13th President of the University of Alberta
- In office 1 July 2015 – 30 June 2020
- Chancellor: Douglas Stollery
- Preceded by: Indira Samarasekera
- Succeeded by: Bill Flanagan

6th President of University of Victoria
- In office 1 September 2000 – 30 June 2013
- Preceded by: David F. Strong
- Succeeded by: Jamie Cassels

Personal details
- Born: 14 July 1956 (age 69)^{[citation needed]} Duncan, British Columbia, Canada^{[citation needed]}
- Alma mater: University of British Columbia
- Occupation: Administrator
- Profession: Academic, professor, plant biologist, author
- Salary: $689,597.48 (2019)
- Awards: Order of Canada
- Fields: Botany Oceanography
- Institutions: University of British Columbia; University of Victoria; University of Alberta;
- Thesis: Processes in nutrient based phytoplankton ecology (1980)

= David H. Turpin =

Canadian scholar

David Howard Turpin (born 14 July 1956) is a Canadian scholar and the former university president. Turpin was the president and vice-chancellor of the University of Alberta (2015–2020) and the University of Victoria (2000 to 2013).

In 2010, he was appointed a member of the Order of Canada.
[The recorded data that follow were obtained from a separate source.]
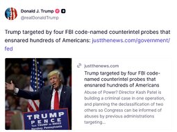 >>24366755, >>24366768 @realDonaldTrump Trump targeted by four FBI code-named counterintel probes that ensnared hundreds of Americans
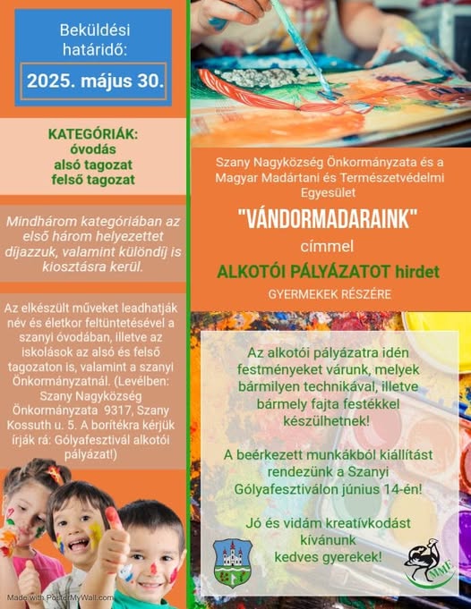 Szany Nagyközség Önkormányzata a Magyar Madártani és Természetvédelmi Egyesülettel közösen alkotói pályázatot hirdet óvodás, alsó és felső tagozatos gyermekek számára.
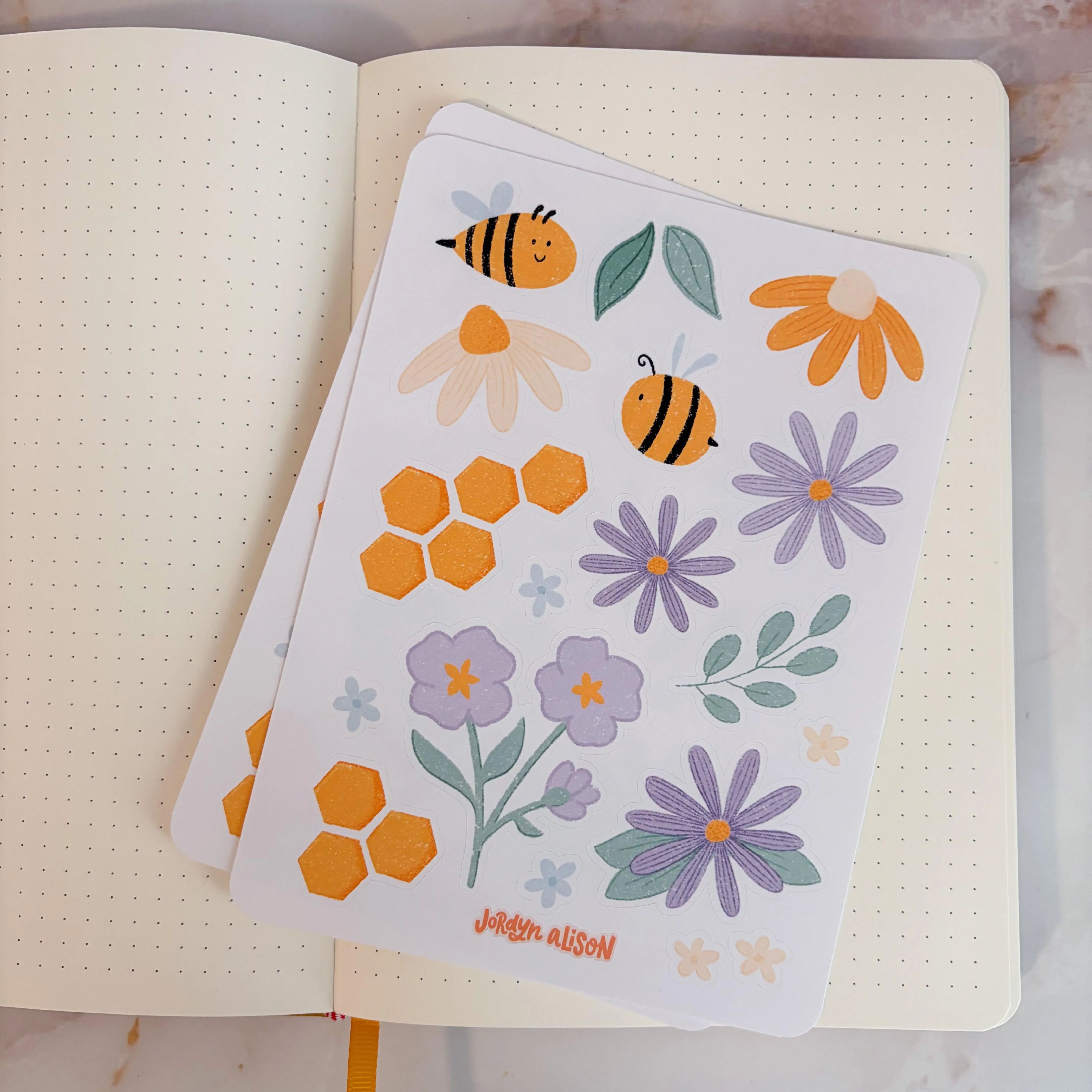 Floral Bee Sticker Sheet for Journaling, Scrapbooking
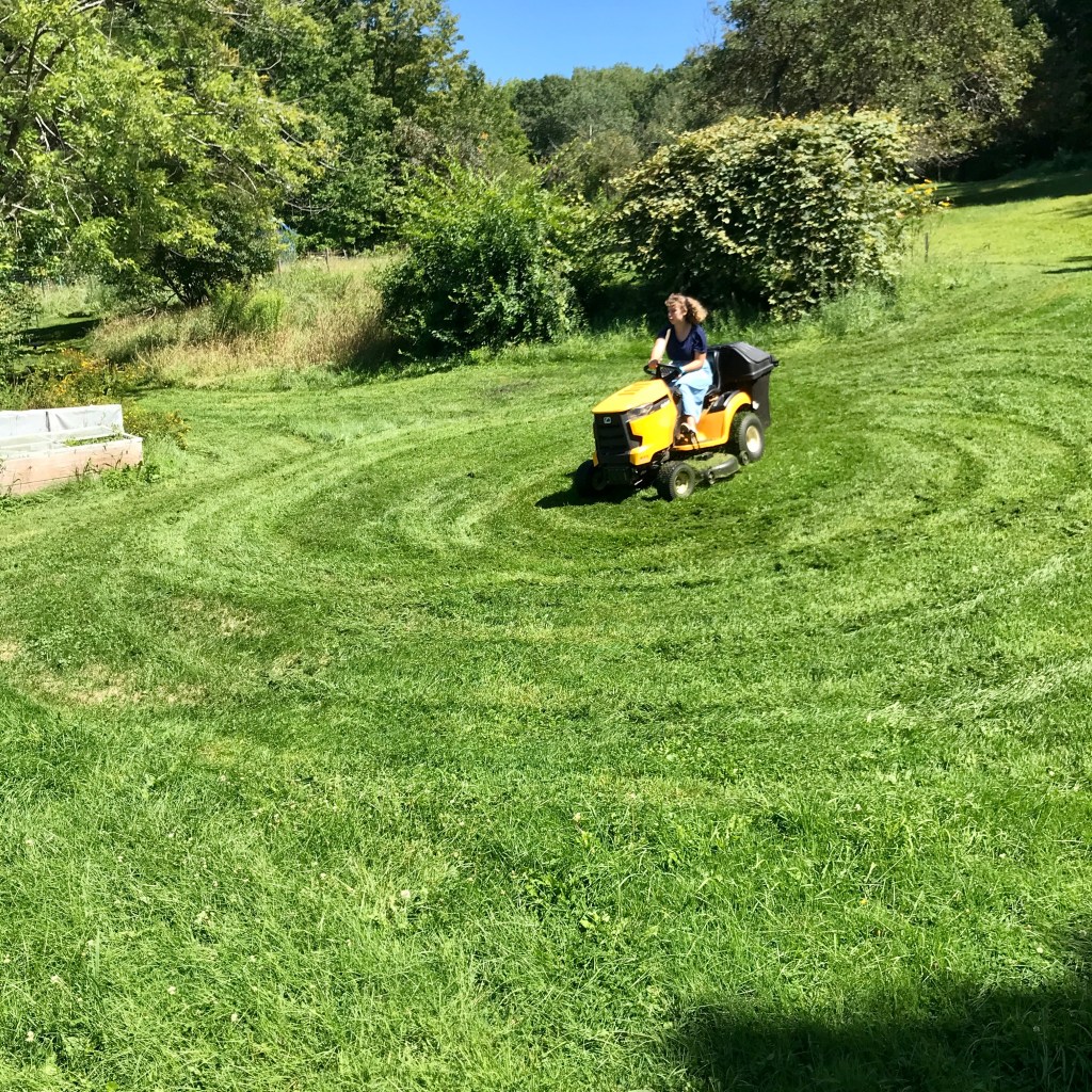 Then we put in a swale at the top of the hill (from a possible spring or just a thoroughfare for the winter melt) to stop the water from pooling in our backyard and overflowing into the basement. We moved the garden down the hill further and made it bigger, in the last couple of years we added more veggie beds and beds for flowers, a giant pea trellis, a pumpkin bed and doubled everything. We tried a couple of grain beds (they failed) and a fenced in circular dye/medicinal plant garden (which failed). And tried to sell flowers but it wasn’t for us. Despite 3 years of drought, many of the fruit trees and friends survived (definitely had some poor casualties, drought brings other struggles like more disease, pests, and well, drought) and then this year it’s been a rainforest!
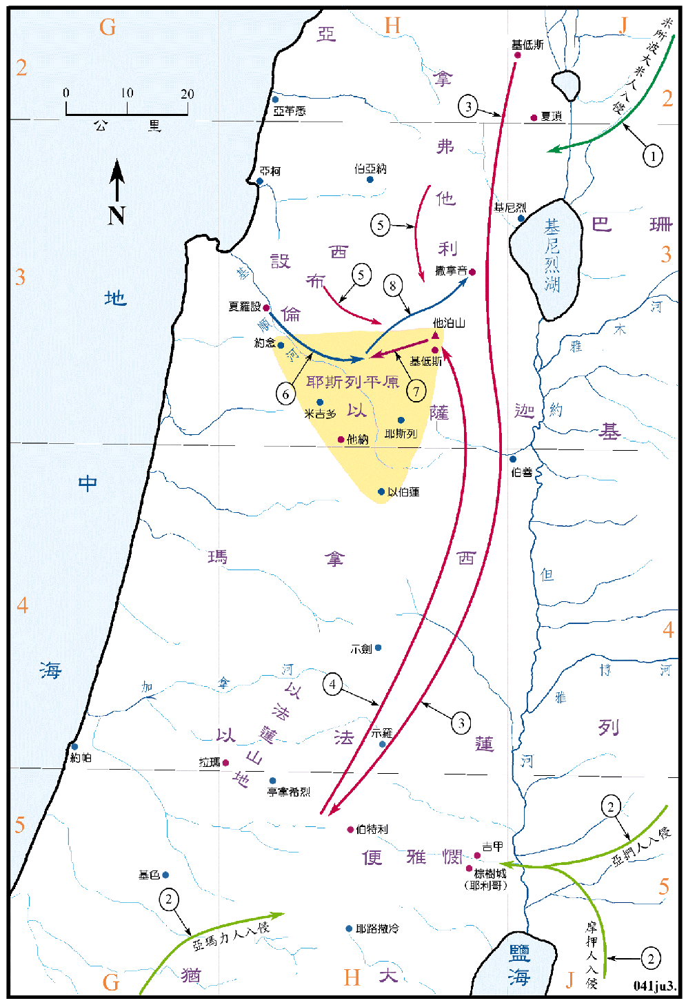 B。奴役:“耶和华的怒气向以色列人发作,就把他们交在美索不达米亚王(Mesopotamia)古珊利萨田(Cushan - rishathaim)的手中。以色列人服事古珊利萨田八年。”-- 谁是古珊利萨田?他是美索不达米亚王,King of Aram-Nataraim。Aram-Nataraim 的原意是“两河之间的亚兰”(创二十四:10),它包括了大部分的古代亚述帝国;它的南面延伸着那后来被称为巴比伦的肥沃冲积土低地。(请看图一)在创十四章,我们曾看过来自这区域的四王与巴勒斯坦死海附近的五王争战的事,那是发生在亚伯拉罕的时代。古珊利萨田从北入侵巴勒斯坦是很有可能的事,虽然在古代的文献里没有记载着个人的名。有的解经家认为“亚兰”(rm)和“以东”(dm)的原文只相差一个字母,而这两个字母在原文是极为相似(参撒下八:12 - 13,王上十一:15,王下十六:6),因此文中的“亚兰”应是“以东”才对,因为以东比较靠近犹大支派的地业,俄陀聂与他们争战比较有可能。“以色列人服事古珊利萨田八年。”-- 以色列受古珊利萨田的奴役,不是单单犹大支派。

==Early life and education==
In 1977, Turpin received a BSc degree in cell biology from the University of British Columbia. In 1980 he received a PhD degree in botany and oceanography from the University of British Columbia.

==Career ==
From 2000 to 2013, Turpin was the president and vice-chancellor of the University of Victoria. Turpin was appointed the president and vice-chancellor of the University of Alberta in 2015. He did not seek renewal for a second term, and his term at the University of Alberta ended on 30 June 2020. Turpin is president emeritus of the University of Alberta. He was appointed as a member of the board of directors for Polar Knowledge Canada for 5 years from January 2023 to January 2028.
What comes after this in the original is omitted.